- [PROBLEM REQUIREMENTS] When you reach the line with "Visit Proof |" in the records below, begin transcribing exactly and continue up to and including the line with "3年生の音楽では、広い講堂でリコーダーの演奏や歌を歌っています。", leaving out every picture.

- [THE INPUT]

--

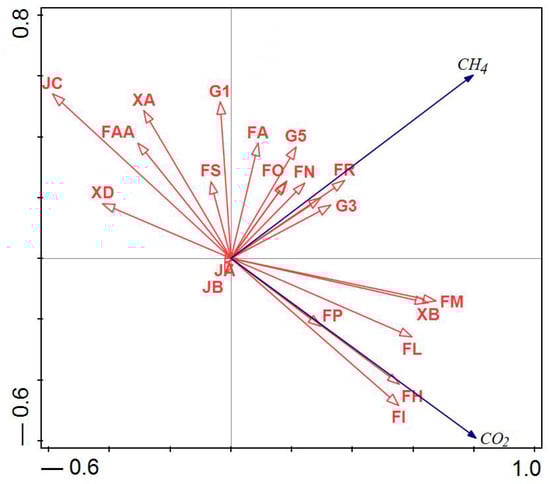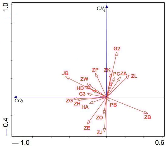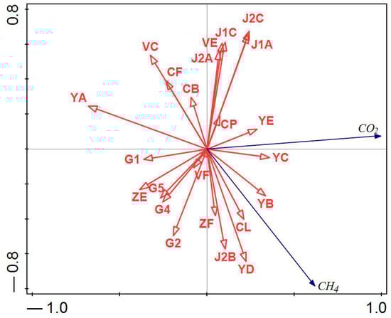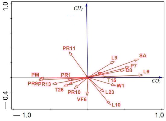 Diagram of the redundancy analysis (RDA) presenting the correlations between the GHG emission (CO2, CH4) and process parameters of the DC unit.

--

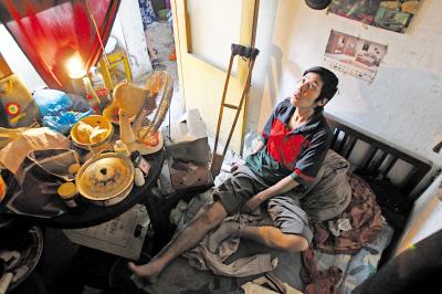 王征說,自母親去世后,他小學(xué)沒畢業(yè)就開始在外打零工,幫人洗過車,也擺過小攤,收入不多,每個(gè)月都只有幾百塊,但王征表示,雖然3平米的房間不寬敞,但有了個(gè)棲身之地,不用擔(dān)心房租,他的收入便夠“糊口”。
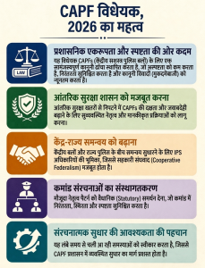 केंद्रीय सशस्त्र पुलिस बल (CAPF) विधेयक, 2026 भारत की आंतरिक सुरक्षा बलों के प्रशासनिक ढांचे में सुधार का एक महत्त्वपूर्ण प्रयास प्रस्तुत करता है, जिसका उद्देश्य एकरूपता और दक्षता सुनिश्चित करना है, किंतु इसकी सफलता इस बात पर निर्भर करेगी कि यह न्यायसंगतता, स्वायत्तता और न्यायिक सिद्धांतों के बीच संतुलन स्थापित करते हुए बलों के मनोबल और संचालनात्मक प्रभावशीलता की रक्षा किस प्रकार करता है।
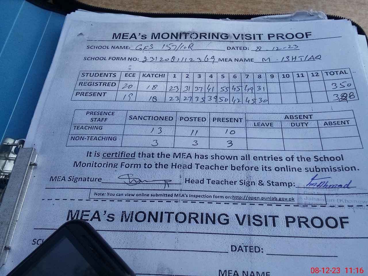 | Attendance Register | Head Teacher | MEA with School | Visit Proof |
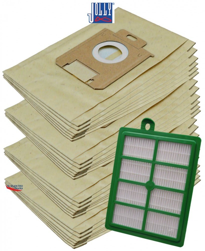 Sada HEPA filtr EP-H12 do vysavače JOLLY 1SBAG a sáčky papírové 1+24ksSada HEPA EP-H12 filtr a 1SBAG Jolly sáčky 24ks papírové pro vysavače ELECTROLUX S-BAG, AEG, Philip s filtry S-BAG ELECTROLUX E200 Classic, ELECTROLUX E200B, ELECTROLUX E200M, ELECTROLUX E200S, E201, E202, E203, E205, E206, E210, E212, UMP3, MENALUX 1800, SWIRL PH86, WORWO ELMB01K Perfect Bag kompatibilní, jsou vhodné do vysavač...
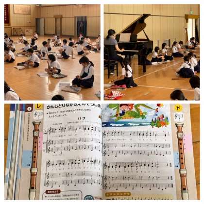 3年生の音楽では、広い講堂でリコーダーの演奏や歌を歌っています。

--

- [TASK OUTPUT]
 | Attendance Register | Head Teacher | MEA with School | Visit Proof |
 Sada HEPA filtr EP-H12 do vysavače JOLLY 1SBAG a sáčky papírové 1+24ksSada HEPA EP-H12 filtr a 1SBAG Jolly sáčky 24ks papírové pro vysavače ELECTROLUX S-BAG, AEG, Philip s filtry S-BAG ELECTROLUX E200 Classic, ELECTROLUX E200B, ELECTROLUX E200M, ELECTROLUX E200S, E201, E202, E203, E205, E206, E210, E212, UMP3, MENALUX 1800, SWIRL PH86, WORWO ELMB01K Perfect Bag kompatibilní, jsou vhodné do vysavač...
 3年生の音楽では、広い講堂でリコーダーの演奏や歌を歌っています。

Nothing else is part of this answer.